We review the district court’s grant of summary judgment de novo. Insty*Bit, Inc. v. Poly-Tech Indus., Inc., 95 F.3d 663, 666 (8th Cir. 1996), cert. denied, 117 S. Ct. 1085 (1997). Summary judgment is properly granted if the nonmoving party fails to establish the existence of a genuine issue of material fact and the moving party is entitled to judgment as a matter of law. Fed. R. Civ. P. 56(c); Celotex Corp. v. Catrett, 477 U.S. 317, 322 (1986). A genuine issue of material fact exists when the matter involves disputes of fact that “properly can be resolved only by a finder of fact because they may reasonably be resolved in favor of either party.” Anderson v.
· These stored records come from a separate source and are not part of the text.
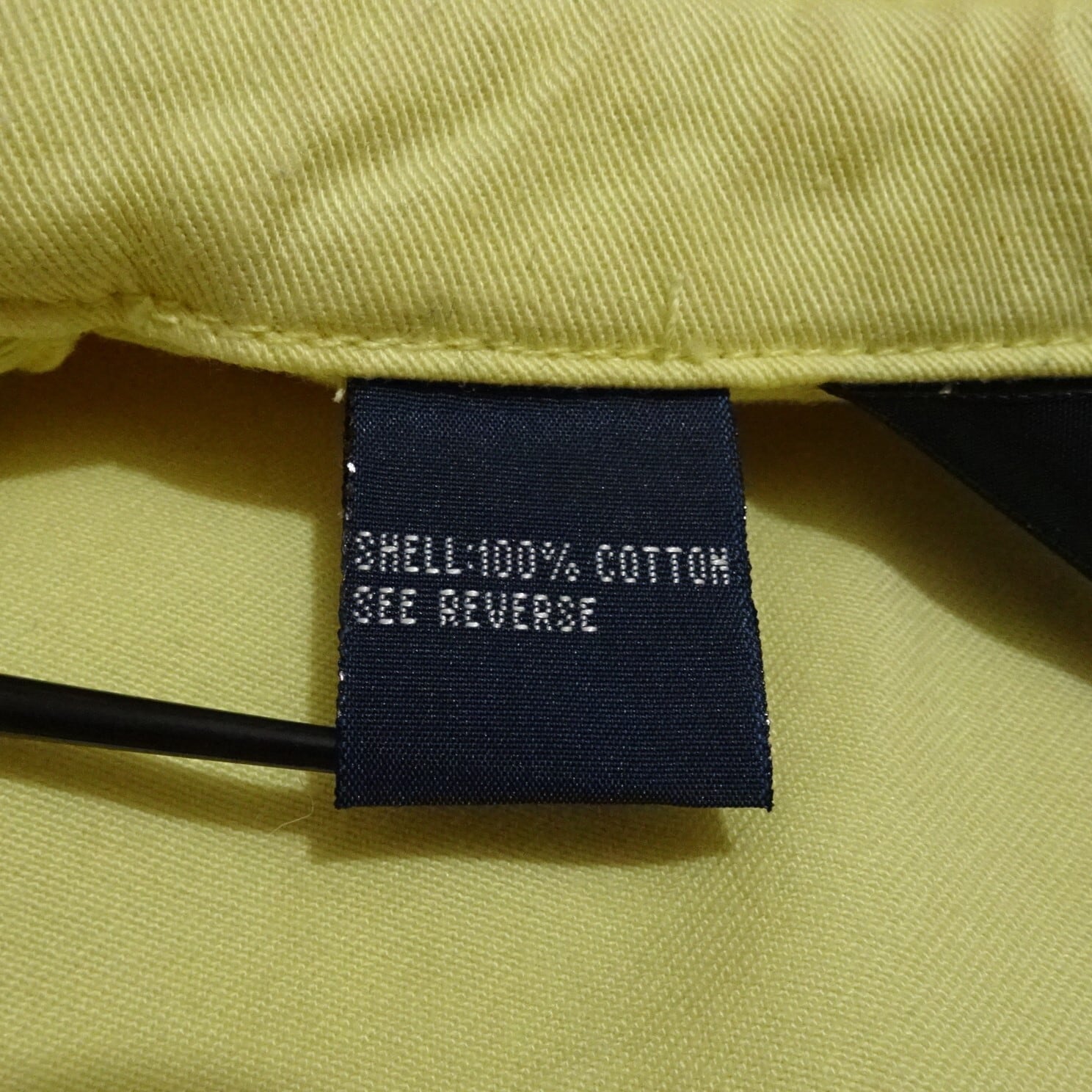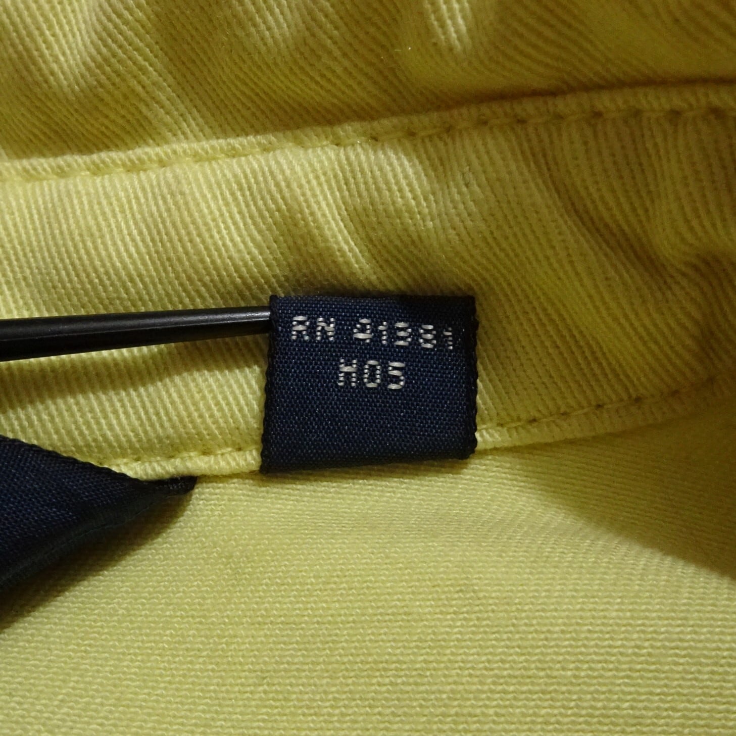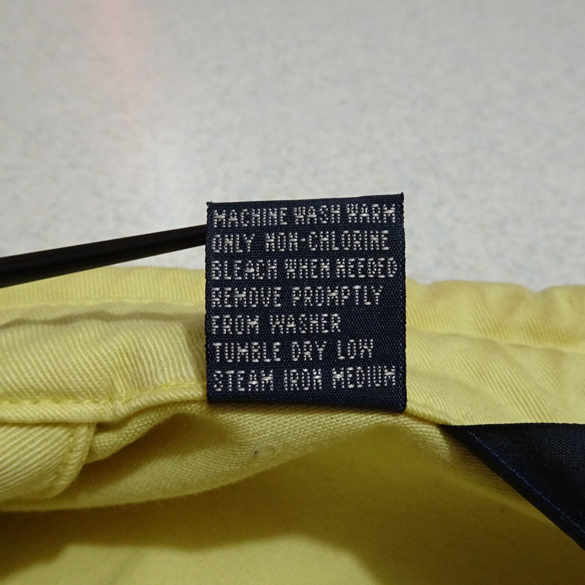 こちらは三角タグで、カラーはイエローベースにネイビーのポニー。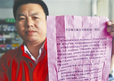 8月29日,一名蒙城县居民在展示防疫宣传单。8月16日以来,安徽蒙城县陆续报告霍乱病例30例。目前蒙城县已采取多种措施防控霍乱疫情。新华社记者 刘军喜 摄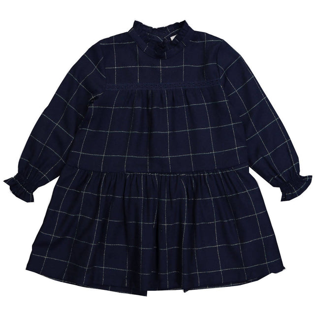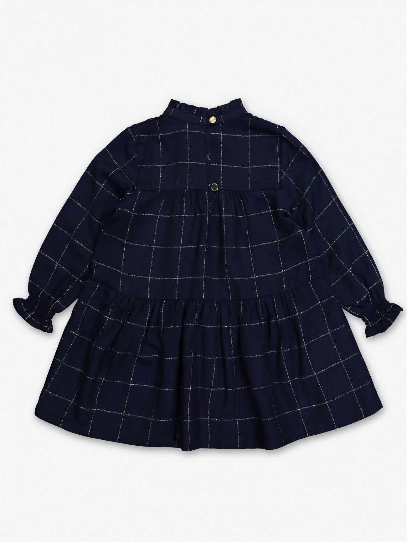 This elegant baby girl dress with lace is designed with gold lurex thread. It features a high ruffled neckline and button closures to the back. Wear it with tight, ribbed or plain. Such an elegant outfit!.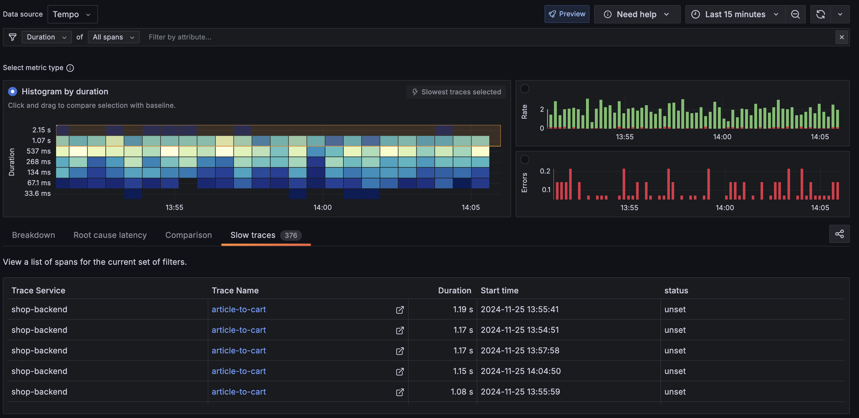 shop-backend appears to be the primary culprit for the slow traces. This happens when a user initiates the article-to-cart operation. From here, you can select the Trace Name to open the Trace View panel.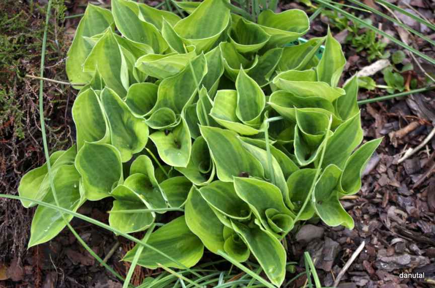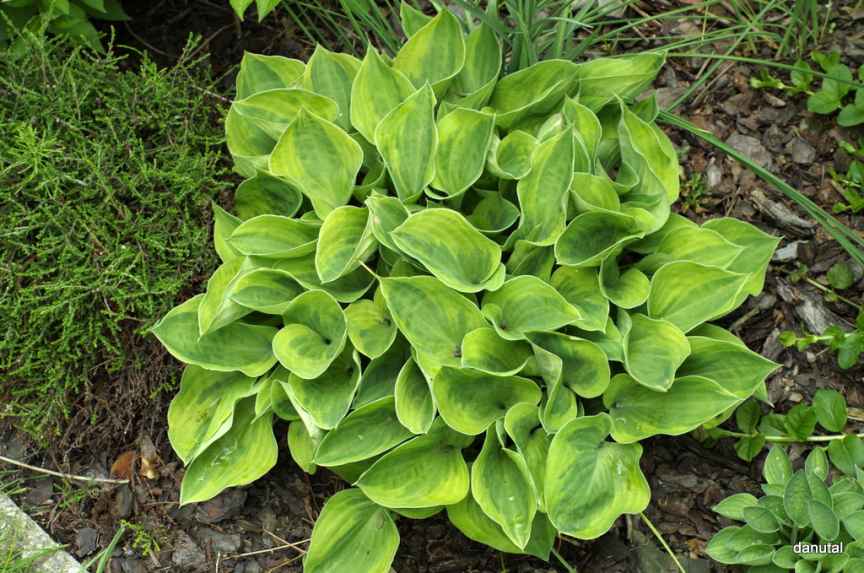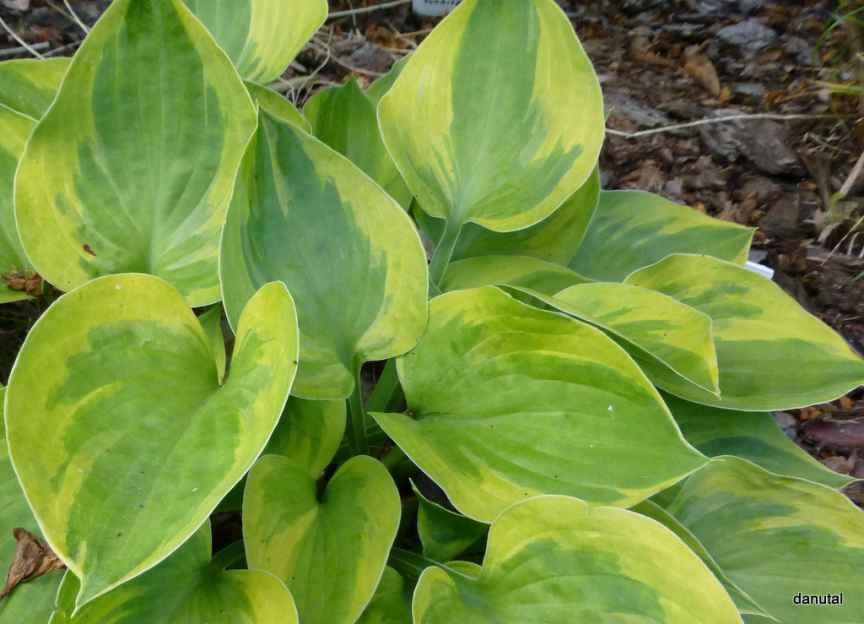 Rozmiar: S/M wysokość 25-30cm. Liście: grube,sercowate z zielonym centrum i żółtym, nieregularnym marginesem Kwiaty:lawendowe na wysokich 60 cm łodygach /VI-VII/ Zalecane stanowisko: od słonecznego do cienistego Uwagi: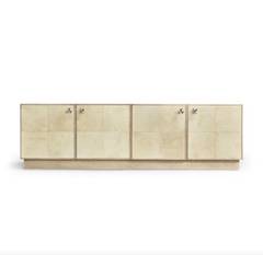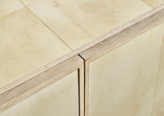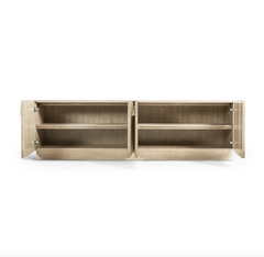 The Hydra Entertainment Console expertly blends modern design with superior craftsmanship. Constructed from oak solids and flat-cut random match oak veneers, it features genuine untreated parchment panels sealed for durability. Its oak-framed case and doors create a clean, structured silhouette, while four doors open to reveal two adjustable shelves for customizable storage. Accented with cast brass tassel door pulls finished to mimic wood and topped with an inset clear glass surface, this console offers both refined style and practical functionality for your media needs.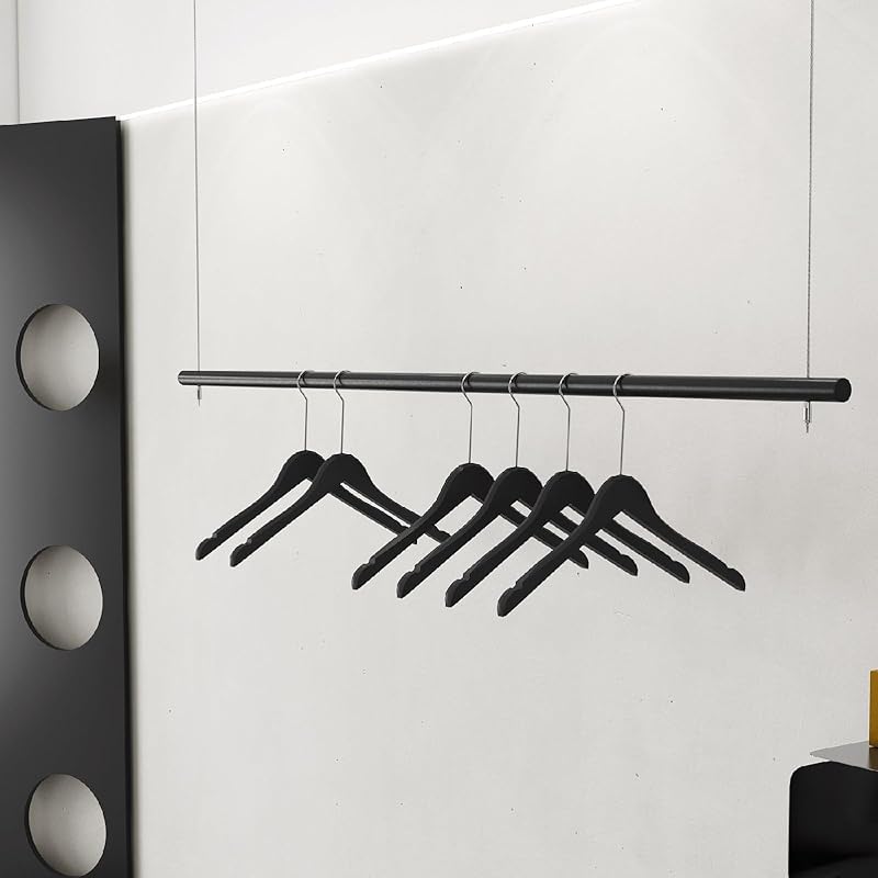 Height Adjustable Metal Clothing Hanging Racks,Commercial Wedding Dress Display Shelf Window Hanging Garment Rack, Ceiling Mount Clothes Storage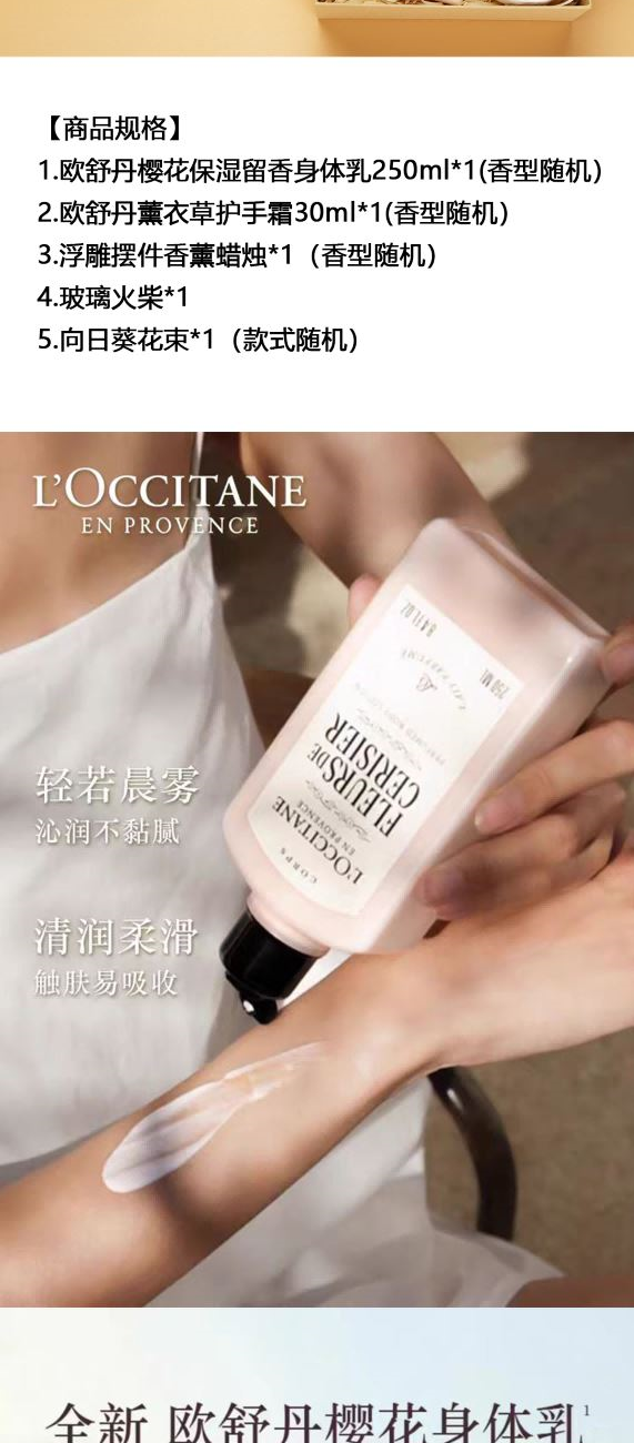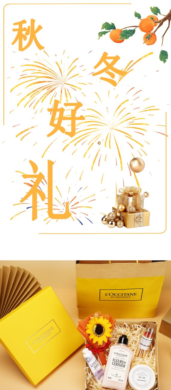 1.歐舒丹櫻花保濕留香身體乳250ml*1(香型隨機) 2.歐舒丹薰衣草護手霜30ml*1(香型隨機) 3.浮雕擺件香薰蠟燭*1(香型隨機) 4.玻璃火柴*1 5.向日葵花束*1(款式隨機) 這套產(chǎn)品包括歐舒丹櫻花保濕留香身體乳(250ml)、薰衣草護手霜(30ml)、浮雕擺件香薰蠟燭、玻璃火柴和向日葵花束。以自然、健康為主題,旨在為你的生活帶來更多關(guān)愛與舒適。

Liberty Lobby, Inc., 477 U.S. 242, 250 (1986). In reviewing the grant of summary judgment, we view the facts in the light most favorable to the nonmoving party and give that party the benefit of all reasonable inferences. Matsushita Elec. Indus. Co. v. Zenith Radio Corp., 475 U.S. 574, 587 (1986).

-4- A.

The first issue is whether Stouffer has presented sufficient evidence to raise a genuine issue of material fact on its trademark infringement claim.